To evaluate the practical applicability of our model, we constructed a case study dataset and used it for evaluation. We expected that if our model correctly estimated the actual administered HFs using recorded clinical symptoms, then it could be usefully used in the real world as well. Through the selection criteria and data processing strategy defined in the Methods section, we obtained the clinical symptoms and administered HFs for 23 published case studies. We predicted the HFs of the case study using a classifier model trained on the dataset obtained by applying data imputation and oversampling to the entire KDC dataset. We found that our classifier model performed much better than it did on the training set (Table 3). In particular, we found that the CDF model still had the highest top-3 accuracy and F1 score. It is noteworthy that the proportion of valid features in the case study was only 0.5–0.68, indicating that the classifier model accurately predicted HFs even with data in which only partially recorded features were recorded.

3.5. Model Interpretation Using Case Study Data

Understanding what a trained classifier learns in a data-driven manner may provide valuable clinical insights. Therefore, we applied an explainability technique called LIME to highlight which clinical symptoms drove particular HFs. The CDF model was selected as the classifier model to which LIME was applied, as it achieved superior performance across various experiments. We selected a case study (case id: 2018-30-4-06) and applied LIME as a representative example [21]. This case study concerned a patient who visited the KM hospital with an essential tremor after undergoing a total vaginal hysterectomy. After considering the clinical symptoms, the authors of the case study administered HBJHT, which was consistent with our model’s predictions.
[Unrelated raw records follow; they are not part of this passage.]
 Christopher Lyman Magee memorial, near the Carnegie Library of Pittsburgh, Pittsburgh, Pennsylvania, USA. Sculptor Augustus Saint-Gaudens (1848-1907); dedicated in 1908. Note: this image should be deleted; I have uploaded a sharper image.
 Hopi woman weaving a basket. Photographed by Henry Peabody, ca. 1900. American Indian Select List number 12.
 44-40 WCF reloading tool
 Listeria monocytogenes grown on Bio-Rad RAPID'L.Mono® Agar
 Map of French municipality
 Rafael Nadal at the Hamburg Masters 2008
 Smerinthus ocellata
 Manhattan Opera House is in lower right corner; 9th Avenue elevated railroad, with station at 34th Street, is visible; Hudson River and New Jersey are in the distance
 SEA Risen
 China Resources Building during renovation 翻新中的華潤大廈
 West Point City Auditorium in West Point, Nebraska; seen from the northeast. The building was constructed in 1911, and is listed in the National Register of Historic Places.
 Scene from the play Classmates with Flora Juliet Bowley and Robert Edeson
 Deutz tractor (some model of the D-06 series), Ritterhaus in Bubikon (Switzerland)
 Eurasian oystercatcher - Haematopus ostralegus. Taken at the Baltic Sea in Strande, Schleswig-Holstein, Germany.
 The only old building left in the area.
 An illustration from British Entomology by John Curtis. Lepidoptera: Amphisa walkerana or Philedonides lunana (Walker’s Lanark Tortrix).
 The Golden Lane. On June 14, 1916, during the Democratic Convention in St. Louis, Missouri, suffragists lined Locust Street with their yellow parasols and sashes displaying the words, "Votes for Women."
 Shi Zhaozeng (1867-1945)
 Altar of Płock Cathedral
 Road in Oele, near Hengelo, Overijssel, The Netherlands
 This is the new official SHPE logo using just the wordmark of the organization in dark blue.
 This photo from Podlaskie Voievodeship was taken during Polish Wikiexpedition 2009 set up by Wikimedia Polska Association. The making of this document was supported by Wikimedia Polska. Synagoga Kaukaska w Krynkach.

We computed the weights of the features that contributed to the prediction using LIME and represented the top 10 features and their descriptions (Table 4). The weights of the features derived from LIME can be understood to the extent that the features affected the HF selection outcome. For example, the increase in the feature values of Stool_form, Fatigue and Stool_tenesmus would have contributed more positively to the HBJHT administration probability provided by the recommender system. On the other hand, the decreases in Stool_frequency and stress would have contributed more positively to the probabilities of the administered HFs. These results indicate that the application of LIME aids in producing a more reliable recommendation system by providing clinicians with criteria for evaluating prescription choices.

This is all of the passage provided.